Its ugly shape and the foul smoke of its two-stroke engine became a symbol of industrialisation, East German-style. As the factory's press officer, Ms Franz had little to do. 'The basic rule was never to tell anyone anything,' she recalls.

Today she does the same job in the same factory. But instead of producing Trabis, the factory near Zwickau makes shiny new Volkswagen Golfs, complete with metallic paint and carefully labelled biodegradable bumpers. Two years after the Federal Republic won control of East Germany in an uncontested takeover bid, the factory is a symbol of the successes - and the failures - of German unification.

Volkswagen and the Treuhand, the government agency responsible for selling off the old East German nationalised industries, struck an innovative deal. They agreed that the West German carmaker (which, counting in its Audi brands, is also Europe's biggest) would build a brand-new factory on the site. In the meantime a transitional company in which VW would take a stake of more than 12 per cent would put together VW Polos from kits in the old one next door.

Next month, the transitional factory's 2,400 workers will raise their production from 280 to 400 cars a day. And the eventual aim is that they should make 1,200 a day - not merely bolting them together from kits sent over from the Volkswagen nerve centre just across what used to be the border with West Germany, but actually pressing the body panels too.

Once the new factory is fully on stream, the idea is that it should use technology as advanced as any in the Volkswagen empire, and working methods that can stand comparison with Japan. That will be no mean feat: on average, west European car makers are only half as efficient as Japanese car makers. The old Trabi factory was less than half as efficient again.

So the firm realised it had a challenge before it started. It began by shipping 400 of the workers from the old factory across the border to Wolfsburg to learn how the parent company thinks cars should be made. Some 28 expatriate managers were sent east to run things at Zwickau: at their head was Gerd Heuss, an international specialist who had previously run Volkswagen manufacturing operations in Yugoslavia, and at Changchun in China.

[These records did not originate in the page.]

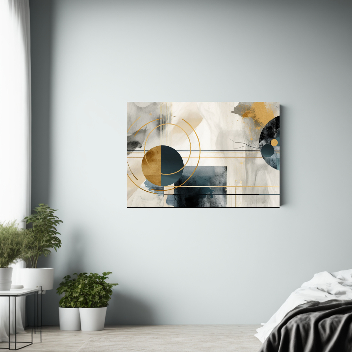 Este cuadro abstracto en tonos negro y azul es perfecto para darle un toque de modernidad a tu sala de estar Colócalo sobre un sofá en tonos claros para lograr un contraste elegante y sofisticado
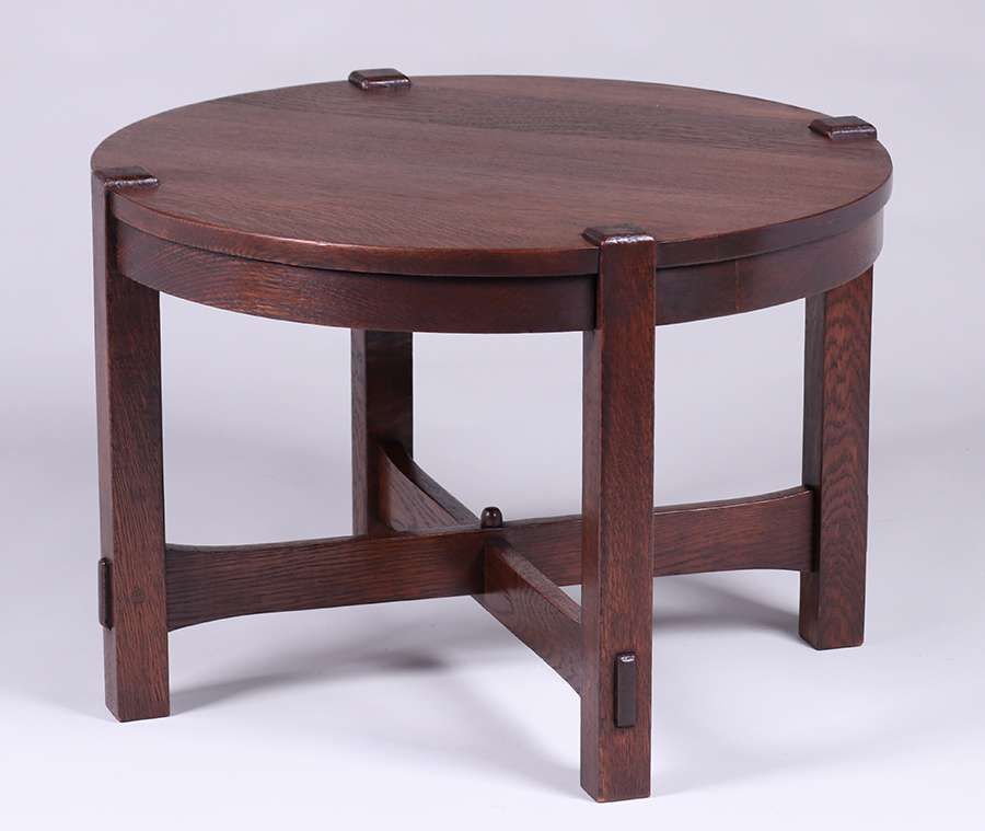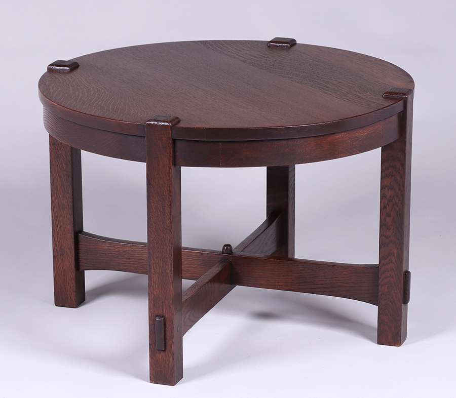 Gustav Stickley #436 lamp table converted to a coffee table. (We would never cutdown such an important Gustav Stickley table but we salvaged and restored it.) Signed with 1902 Stickley signature in box. Very nicely refinished. 26"d x 18"h SOLD
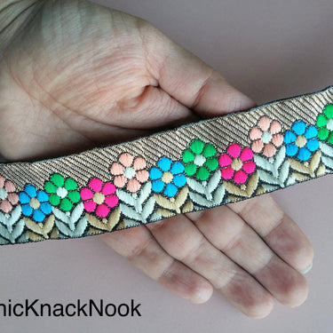 This listing is for a lovely Blue, Green, Fuchsia Pink, Orange, Beige and Bronze Thread Floral Embroidery Trim.
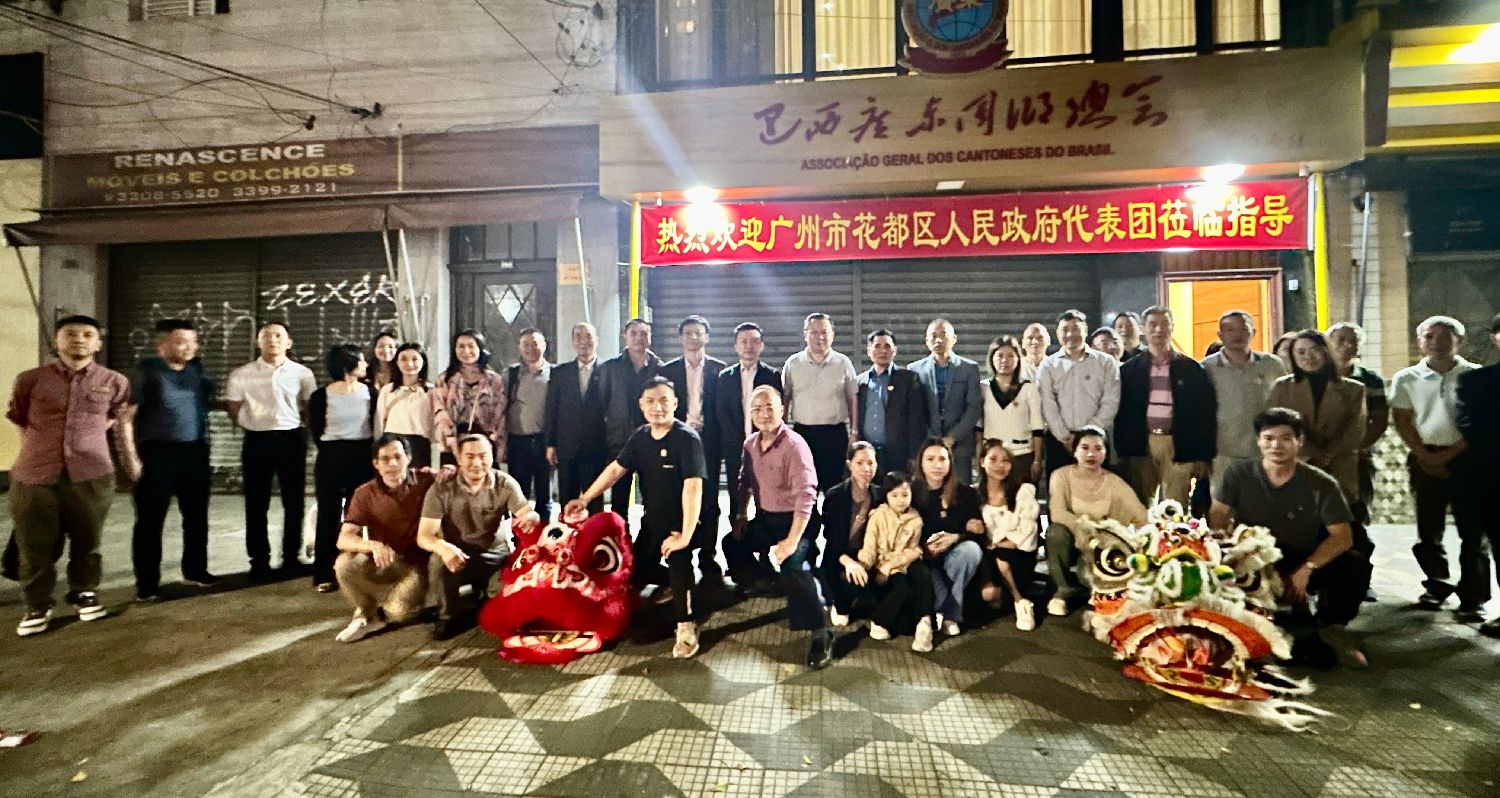 当天下午,当花都区代表团抵达巴西广东同乡总会会馆时。会馆门前早已聚集了众多侨胞,醒狮队带来了精彩的舞狮表演,为活动增添了喜庆气氛。

The scene that greeted the managers when they arrived was every bit as desolate as in the poorest developing country. There were no decent roads, nor houses for the 'expatriates', as they call themselves, to live in. Phone calls back to head office had to be made by sending someone to a telephone box across the former East-West border.

All those problems are now clearly solved. A walk around the management building and the factory floor shows the evidence of the massive investments that the German government and Volkswagen itself have put in. There are newly surfaced roads and new glass-fibre phone cables. Obedient secretaries in the offices produce speedy cost calculations from spreadsheets run on Compaq computers. The body-shop in what is to be known as the Mosel 2 plant already has 123 robots, and will eventually have twice as many.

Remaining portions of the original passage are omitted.